Эжен припомнил, что видел у пруда высокую девушку со строгим лицом и непривычно короткими волосами, но принял её тогда за одну из нянек. Норинка? Похоже, он чудовищно сильно недооценивал сестру.
— Я в замешательстве, милая. Скажи, чего ты всё-таки хочешь добиться?
— Эжен, — ласково проговорила она, касаясь его руки, — мне трудно избавиться от страха в сердце, пока старый коршун кружит вокруг престола. Я не хочу, чтобы эту страну, ставшую и моей страной, поглотило пламя войны. Я только к тебе могу обратиться, милый мой брат. Я хочу, чтобы ты помог убрать Линна с доски.
— Исключено! — Эжен решительно мотнул головой. — Я ещё даже не стал князем, ещё живы мои враги в Миллене, а ты предлагаешь мне ввязаться в схватку с сильнейшим человеком в империи?!
— Но мне не кому больше доверить свою тревогу, ты единственный. Тордэан тебе верит, и ты мог бы попробовать подорвать влияние Линна.
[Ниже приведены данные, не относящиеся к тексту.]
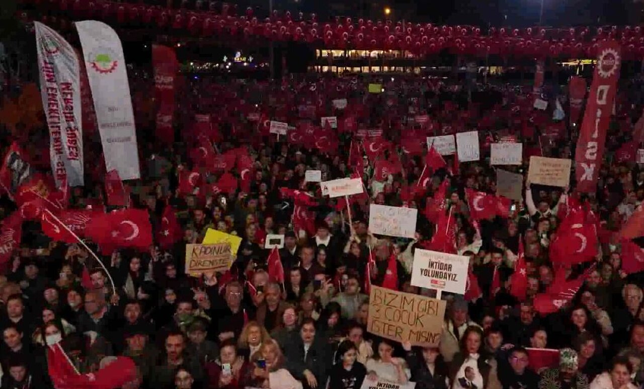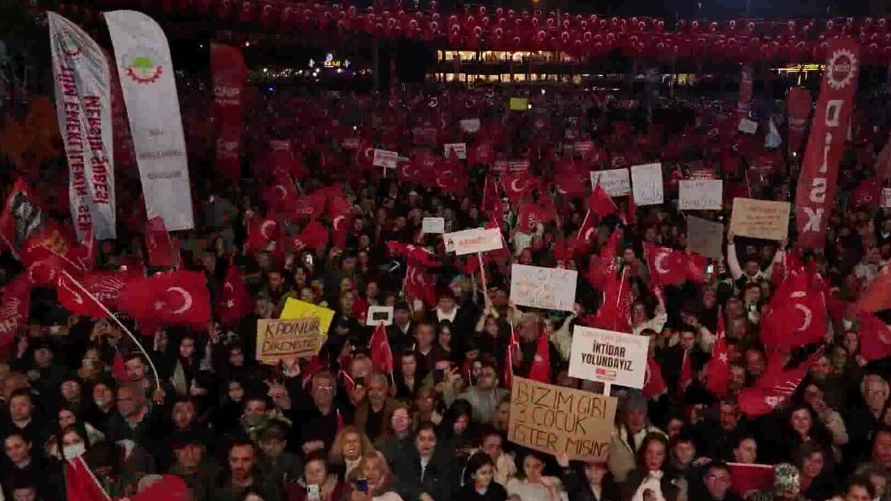 Kentin dört bir yanından gelen yurttaşların alanı doldurduğu dayanışma mitinginde coşkulu kalabalık ellerinde, “Karanlık ne kadar derinse şafak o kadar yakındır” , “Hak, hukuk, adalet”, “Gücünüz yetmez çünkü biz milletiz” , “Kurtuluş yok tek başına hep beraber ya hiçbirimiz”, “CHP başaracak milletin hakkı milletin olacak” , “19 Mart darbesine teslim olmayacağız” yazılı dövizler taşıdı.

Пожалуйста… — в её больших янтарных глазах появились прозрачные горошинки слёз.
— Я попробую… — опустил руки Эжен. Он слишком любил сестру, слишком привык потакать её желаниям, так похожим на его собственные. — Я попробую. Но не во вред Миллену.
В следующее мгновение Миора снова заключила его в объятиях.
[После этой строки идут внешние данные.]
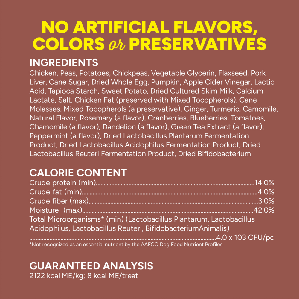 Chickpea flour, potato flour, pumpkin, tapioca starch, maple syrup, vegetable glycerine, natural flavor, salt, phosphoric acid, ginger, sorbic acid (as preservative), peppermint, chamomile, lavender, yeast culture, dried Enterococcus faecium fermentation product, dried Lactobacillus acidophilus fermentation product, dried Aspergillus niger fermentation extract, dried Trichoderma longibrachiatum fermentation extract, dried Bacillus subtilis fermentation extract, citric acid (as preservative), mixed tocopherols (as preservative), rosemary.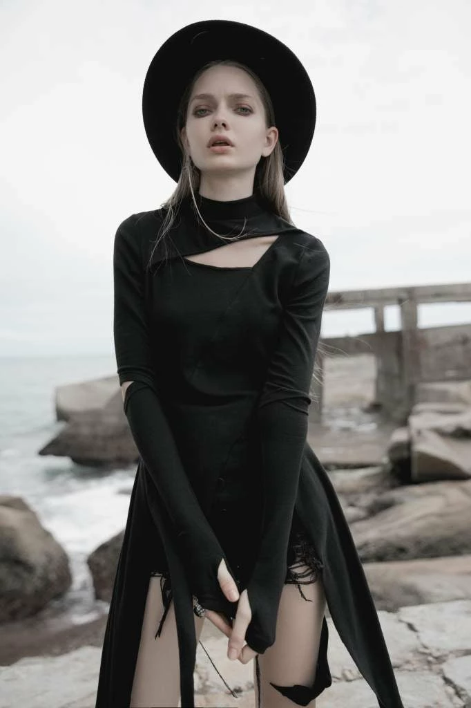 Stunning asymmetrical top from Punk Rave featuring a high neckline, cut-out detailing to décolletage and sleeves, over-long sleeves with thumb holes and a irregular hemline.

— Я знала, что могу рассчитывать на тебя! Спасибо! — звонко проговорила она, целуя растерявшегося брата в щёку.
***
— Знаешь, что, Жан, — сонливо зевая, обратился Эжен к сидящему напротив слуге, — вот сколько лет живу я на свете… кстати, сколько?
— Тридцать, энкеро.
— Точно! Так вот тридцать лет живу я на этом свете, и только недавно понял одну очевидную истину! Хочешь знать какую? Не время меняет людей, а место и окружение! Ты, наверное, недоумеваешь, о чём я вообще веду речь? Ну сейчас попробую пояснить, вот возьмём для примера хотя бы Миору. Помнишь, когда мы жили в Эн`Итель, а затем в Эн`Хаир, каким она была милым застенчивым ребёнком? Просто воплощённая доброта и невинность! А помнишь, как она робела перед собственной свадьбой? Сколько ей было, когда Тордэан взял её в жёны? Всего шестнадцать, совсем ещё дитя. Ну а что теперь? Теперь она императрица! — с какой-то особенной горькой торжественностью в голосе проговорил он.
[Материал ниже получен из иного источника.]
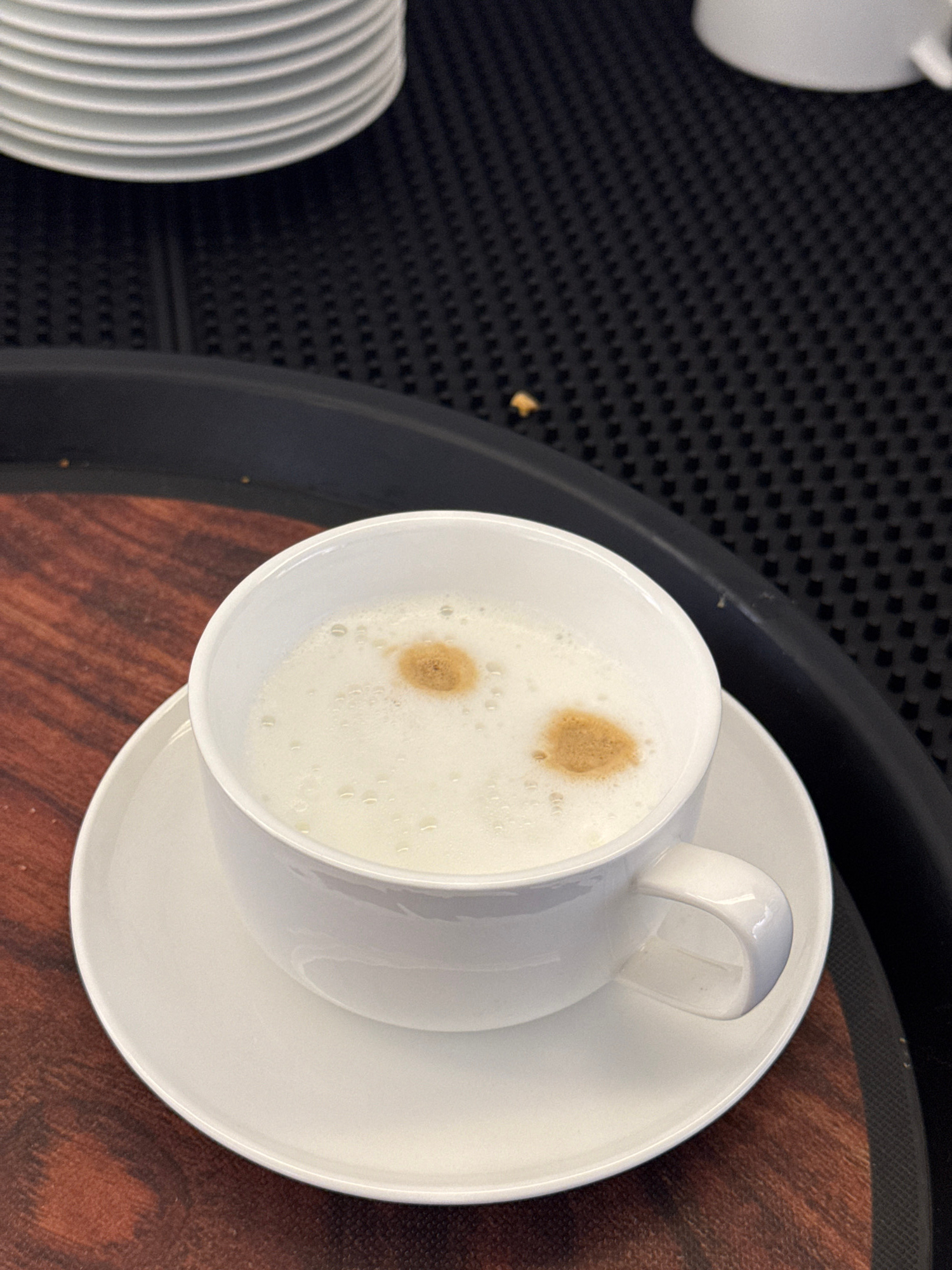 A high-angle shot shows a white ceramic cup of latte or cappuccino with two small, light-brown spots of espresso foam on top, sitting on a white saucer. The cup and saucer are placed on a brown surfac…read more

Молчание. Над дворцом властвовала темень ночи, горела одинокая свеча, освещая лица двух милленцев сидящих за столиком на открытом балконе.
— Слышал бы ты, Жан, каким тоном она ко мне обратилась! «Как убрать Линна с доски?» Ха, неужто она вообразила себя участником игры во власть?! Эх, ладно налей-ка мне ещё хлэда! — приказал Вьюрок, однако прислужник с сомнением посмотрел на почти ополовиненную пузатую бутыль.
— Энкеро, мне кажется, вам уже хватит, как-никак завтра на совете заседать. Хотя, быть может, вам угодно выпить чего-нибудь другого?
— А, спасибо, что напомнил. Совет… опять будем обсуждать проклятых Seliri… А ещё этот… как его? Альхарский Султанат… кстати, а что пьют в Альхаре? — хихикнув, полюбопытствовал де Итель.
— В Хезефе есть неплохая винокурня, — с видом знатока ответил Жан. — Мне думается, что в кладовых государя вполне могла бы сыскаться бутылочка-другая, однако…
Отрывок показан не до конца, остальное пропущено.